**Listed records**
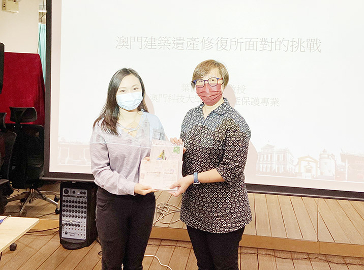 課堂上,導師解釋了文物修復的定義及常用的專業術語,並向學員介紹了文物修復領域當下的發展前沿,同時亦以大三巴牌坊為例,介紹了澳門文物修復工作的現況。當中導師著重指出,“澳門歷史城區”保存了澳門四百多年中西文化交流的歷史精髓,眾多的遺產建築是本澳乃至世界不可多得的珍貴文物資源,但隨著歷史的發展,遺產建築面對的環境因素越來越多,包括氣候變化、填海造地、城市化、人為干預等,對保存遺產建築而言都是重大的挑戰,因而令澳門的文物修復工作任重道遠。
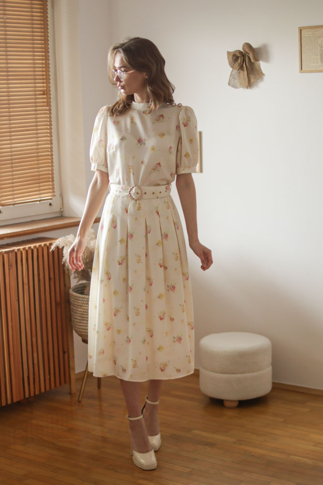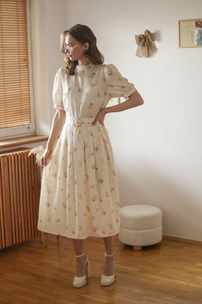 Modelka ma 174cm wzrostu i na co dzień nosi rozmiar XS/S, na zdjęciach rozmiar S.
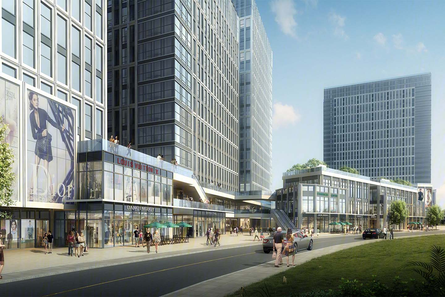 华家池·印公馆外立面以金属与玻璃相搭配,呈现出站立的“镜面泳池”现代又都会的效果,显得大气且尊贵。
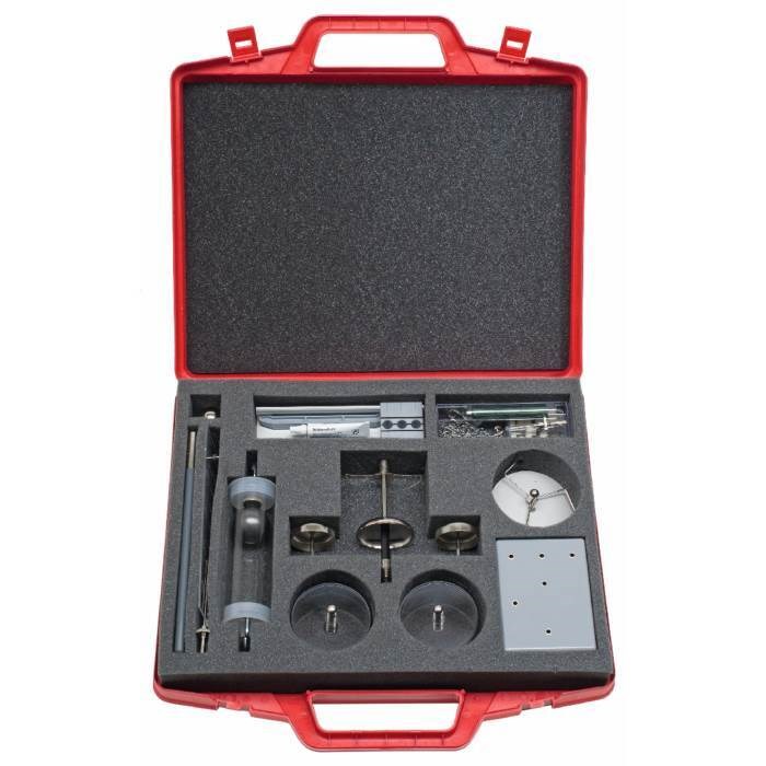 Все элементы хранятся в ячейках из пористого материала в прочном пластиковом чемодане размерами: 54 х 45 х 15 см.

* * *

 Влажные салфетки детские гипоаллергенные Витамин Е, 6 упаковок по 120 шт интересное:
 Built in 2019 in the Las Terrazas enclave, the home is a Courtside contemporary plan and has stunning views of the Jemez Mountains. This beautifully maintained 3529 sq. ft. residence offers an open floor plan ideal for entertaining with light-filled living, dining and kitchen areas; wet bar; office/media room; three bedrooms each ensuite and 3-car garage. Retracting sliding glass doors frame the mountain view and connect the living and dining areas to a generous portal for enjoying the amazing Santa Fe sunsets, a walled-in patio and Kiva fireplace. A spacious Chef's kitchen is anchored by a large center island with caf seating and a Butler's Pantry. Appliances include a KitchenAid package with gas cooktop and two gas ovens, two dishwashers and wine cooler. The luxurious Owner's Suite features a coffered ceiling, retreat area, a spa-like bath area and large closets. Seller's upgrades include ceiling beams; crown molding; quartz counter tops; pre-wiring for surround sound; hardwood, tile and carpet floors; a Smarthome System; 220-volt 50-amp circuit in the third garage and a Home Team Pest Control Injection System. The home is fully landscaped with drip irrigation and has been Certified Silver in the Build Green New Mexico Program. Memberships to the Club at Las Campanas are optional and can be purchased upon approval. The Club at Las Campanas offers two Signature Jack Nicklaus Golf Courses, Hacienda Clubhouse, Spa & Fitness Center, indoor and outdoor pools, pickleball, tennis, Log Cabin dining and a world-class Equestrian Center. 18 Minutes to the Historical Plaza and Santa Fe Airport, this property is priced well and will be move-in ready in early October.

**Required action**
Going by the data above, the answer is exactly the lines from the one holding "課堂上,導師解釋了文物修復的" to the one holding "Все элементы хранятся", both kept, with the pictures left out.

**Written answer**
 課堂上,導師解釋了文物修復的定義及常用的專業術語,並向學員介紹了文物修復領域當下的發展前沿,同時亦以大三巴牌坊為例,介紹了澳門文物修復工作的現況。當中導師著重指出,“澳門歷史城區”保存了澳門四百多年中西文化交流的歷史精髓,眾多的遺產建築是本澳乃至世界不可多得的珍貴文物資源,但隨著歷史的發展,遺產建築面對的環境因素越來越多,包括氣候變化、填海造地、城市化、人為干預等,對保存遺產建築而言都是重大的挑戰,因而令澳門的文物修復工作任重道遠。
 Modelka ma 174cm wzrostu i na co dzień nosi rozmiar XS/S, na zdjęciach rozmiar S.
 华家池·印公馆外立面以金属与玻璃相搭配,呈现出站立的“镜面泳池”现代又都会的效果,显得大气且尊贵。
 Все элементы хранятся в ячейках из пористого материала в прочном пластиковом чемодане размерами: 54 х 45 х 15 см.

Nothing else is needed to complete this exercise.